Australian rugby league footballer (born 1969)

Darren Brown (born 29 April 1969) is an Australian former professional rugby league footballer who played for the South Sydney Rabbitohs, Canterbury-Bankstown Bulldogs, Western Suburbs Magpies and the Penrith Panthers. Brown also played for Trafford Borough in England and for the Salford City Reds in the Super League. He spent most of his career as a lock or second rower, but could also play in the backline.

==Background==
Brown was born in Sydney and raised in Redfern, New South Wales. He played his junior football with Zetland Magpies, Mascot Jets and Waterloo Waratahs in the South Sydney Juniors, as well as the Brighton Seagulls in the St George Juniors.

==Rugby league career==
Brown began his first-grade career at South Sydney (first grade player #774) in the 1989 NSWRL season and had two stints at the club.

In between his South Sydney stints he played the 1990 off season with English club Trafford Borough and then returned to Australia for the 1991 season with Canterbury (first grade player #559), where he featured as a centre and five-eighth, with a highlight being a hat-trick of tries in a win over Eastern Suburbs.

After returning to South Sydney for a further two years, Brown joined Western Suburbs (first grade player #974) in the 1994 season and played lock in the first three rounds. He was then sacked by Western Suburbs following his involvement in a brawl outside Canterbury Leagues Club and finished the season with Penrith (first grade player #361).

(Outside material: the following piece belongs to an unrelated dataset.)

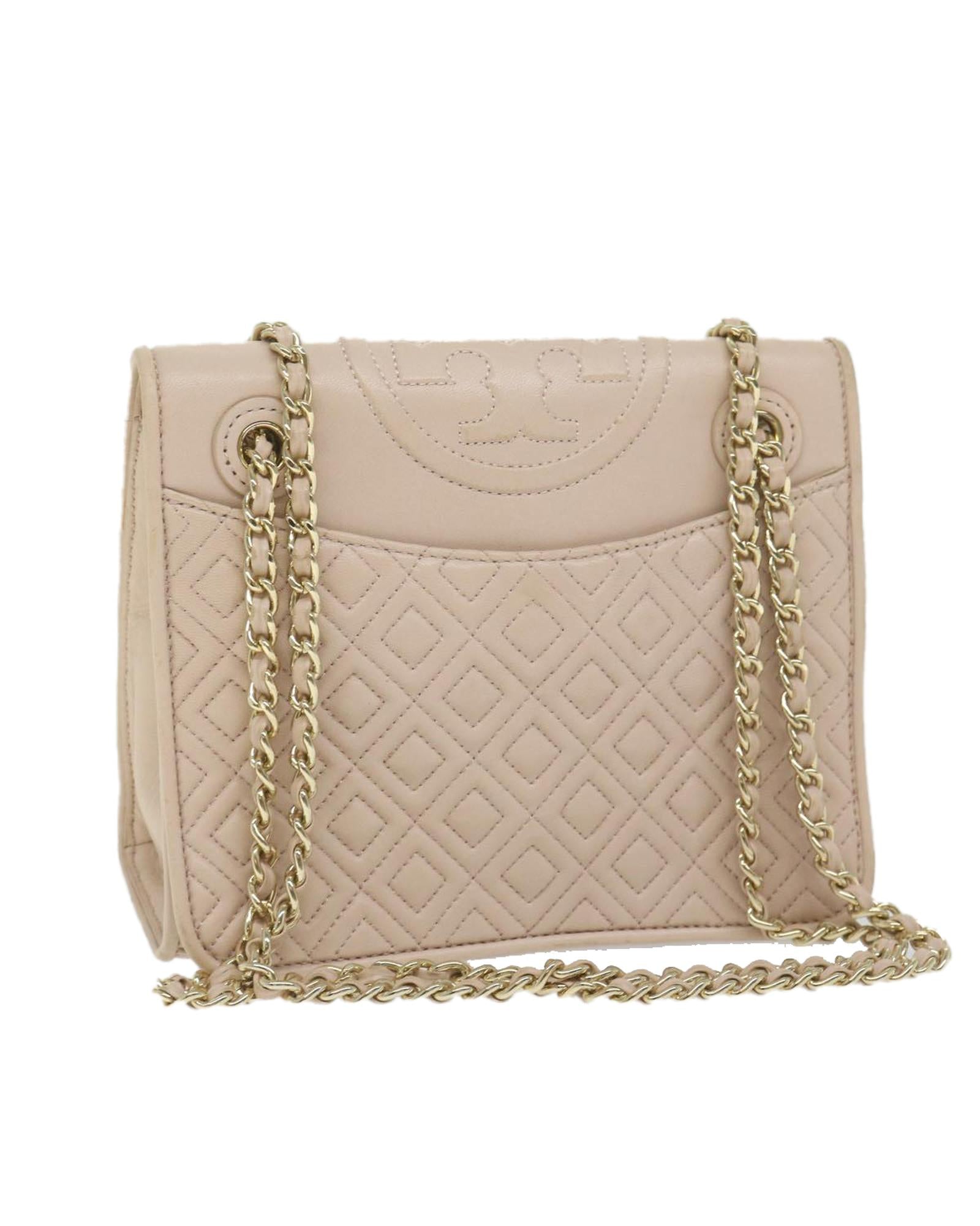 The Tory Burch Pink Leather Shoulder Bag showcases a feminine and sophisticated design with its soft pink color and high-quality leather material. Despite displaying signs of wear such as rubbing and a slight loss of shape on the exterior this shoulder bag retains its elegant charm.

Used as a forward, Brown continued to play for Penrith for another four seasons, which included two finals appearances in the 1997 Super League season.

From 1999 to 2001 he returned to play in England for the Salford Red Devils (first grade player #965), which he captained.

==Personal life==
Since retiring from rugby league Brown has worked as a real estate agent and is currently employed as a stevedore (wharfie) on the Port Botany waterfront. In 2016 Brown walked 858 kilometres from the Gold Coast to Sydney with his mates from Rise Foundation Australia to raise awareness for suicide prevention and mental health issues. In 2019 Brown began co-hosting Rabbitohs Radio, a weekly rugby league podcast covering the South Sydney Rabbitohs. In the podcast Brown and close mate Grant Chappell examine Rabbitohs team news, performances and interview special guests.